In the acute phase of the disease, the bladder can shrink, which prevents normal emptying. Muscle relaxation solves this problem and has an analgesic effect, improves blood circulation and restores the normal function of the organ.

It is important to consider that antispasmodics affect systemic blood flow and the functioning of internal organs, so they are not used for problems with hematopoiesis, kidney and liver failure, acute diseases of the gastrointestinal tract and some other health problems. Therefore, their reception and dosage must be agreed with the doctor.

Diuretics

Diuretics are prescribed to restore normal urination, which is an important factor in the treatment of cystitis. The most sparing are herbal diuretics or herbal medicines, which are intended for adjunctive treatment.

Among them are:

  • A preparation in the form of a paste, consisting of herbs and essential extracts. A small amount of this medicine is diluted with water and taken by mouth.
  • Tablets or herbal solution containing St. John's wort, flower roots and rosemary leaves. It has both diuretic and antimicrobial effects on the body.
  • Herb collections. The composition of such herbal remedies includes herbs that stimulate urine production and have anti-inflammatory, antispasmodic and relaxing effects. In the framework of the fees, you can find oak bark, St. John's wort, chamomile and flax. Such treatments are effective in various forms of cystitis and are used even in advanced cases.

Consumption function

Drinking enough fluid can reduce the concentration of urine and irritation of the inflamed bladder walls, as well as increase the urge to urinate and accelerate the elimination of pathogenic bacteria. Doctors recommend drinking at least 2-3 liters of water per day, based on the patient's body weight. With cystitis, bed rest is necessary, which allows you to speed up the healing and recovery process.

Prevention

The bacterial form of cystitis lends itself to prevention, with which you can avoid this disease and protect yourself from possible relapses after treatment.

Most experts recommend taking preventive measures:

  • Hygiene. It is necessary to wash at least 1 time a day, while the direction should be from front to back. Thus, it is possible to prevent the entry of pathogens from the anus into the area of the vagina and urethra (this is the mechanism that most often leads to the development of cystitis in women).
  • Drinking enough fluids.
  • Use of barrier contraceptives.
  • Protection against hypothermia and prolonged stay in a wet swimsuit.
  • Rejection of synthetic underwear in favor of underwear made of natural fabrics.

It is also recommended that women urinate after each intercourse to get rid of bacteria that may have entered the urethra.
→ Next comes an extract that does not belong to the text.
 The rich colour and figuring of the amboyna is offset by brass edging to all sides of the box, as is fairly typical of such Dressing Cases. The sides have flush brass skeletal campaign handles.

It is equally important to empty the bladder regularly, as stagnant urine is a favorable environment for the reproduction of pathogenic microorganisms.

If symptoms return within 14 days after completion of treatment, it is necessary to pass urine for bacterial culture. Treatment failure may be due to the low sensitivity of the microorganism to the selected drug.
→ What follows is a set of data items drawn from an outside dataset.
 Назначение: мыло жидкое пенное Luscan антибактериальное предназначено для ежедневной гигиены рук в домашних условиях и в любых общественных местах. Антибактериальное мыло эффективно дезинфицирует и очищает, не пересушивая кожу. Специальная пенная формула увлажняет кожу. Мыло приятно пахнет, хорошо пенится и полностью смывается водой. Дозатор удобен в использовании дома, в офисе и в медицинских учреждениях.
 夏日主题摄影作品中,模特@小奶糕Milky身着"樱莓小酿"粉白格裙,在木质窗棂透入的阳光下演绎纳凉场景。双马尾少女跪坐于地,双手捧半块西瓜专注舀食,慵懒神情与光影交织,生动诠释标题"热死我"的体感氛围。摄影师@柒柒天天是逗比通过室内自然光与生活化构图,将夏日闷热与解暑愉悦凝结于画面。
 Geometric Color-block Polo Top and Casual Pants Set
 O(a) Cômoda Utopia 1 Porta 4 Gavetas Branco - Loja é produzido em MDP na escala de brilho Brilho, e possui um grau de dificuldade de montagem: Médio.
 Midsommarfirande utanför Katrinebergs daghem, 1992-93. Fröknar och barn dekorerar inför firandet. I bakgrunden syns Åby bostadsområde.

Possible complications and chronicity of the disease

Untreated cystitis can develop into a chronic form, which becomes much more difficult to get rid of and the treatment of which is more expensive. You can avoid this consequence if you turn to a specialist in time when the first signs of the disease appear. A fairly common complication is vesicoureteral reflux. It occurs when urine enters the ureter from the bladder, i. e. in the opposite direction.

This process, if not taken care of, can lead to inflammation of the uterus, peritonitis or inflammation of the peritoneum. The inflammatory process in the walls of the bladder sometimes causes abscesses and scarring, reducing the amount of urine it can hold. In this case, the patient is faced with frequent and painful urination.

In men, prolonged cystitis can lead to leakage of urine in the prostate gland, inflammatory process in the prostate and epididymitis. Women may experience reproductive problems. Cystitis, which is bacterial in nature, in acute form can lead to miscarriage in pregnant women. Therefore, the treatment, which in most cases takes about a week, cannot be delayed.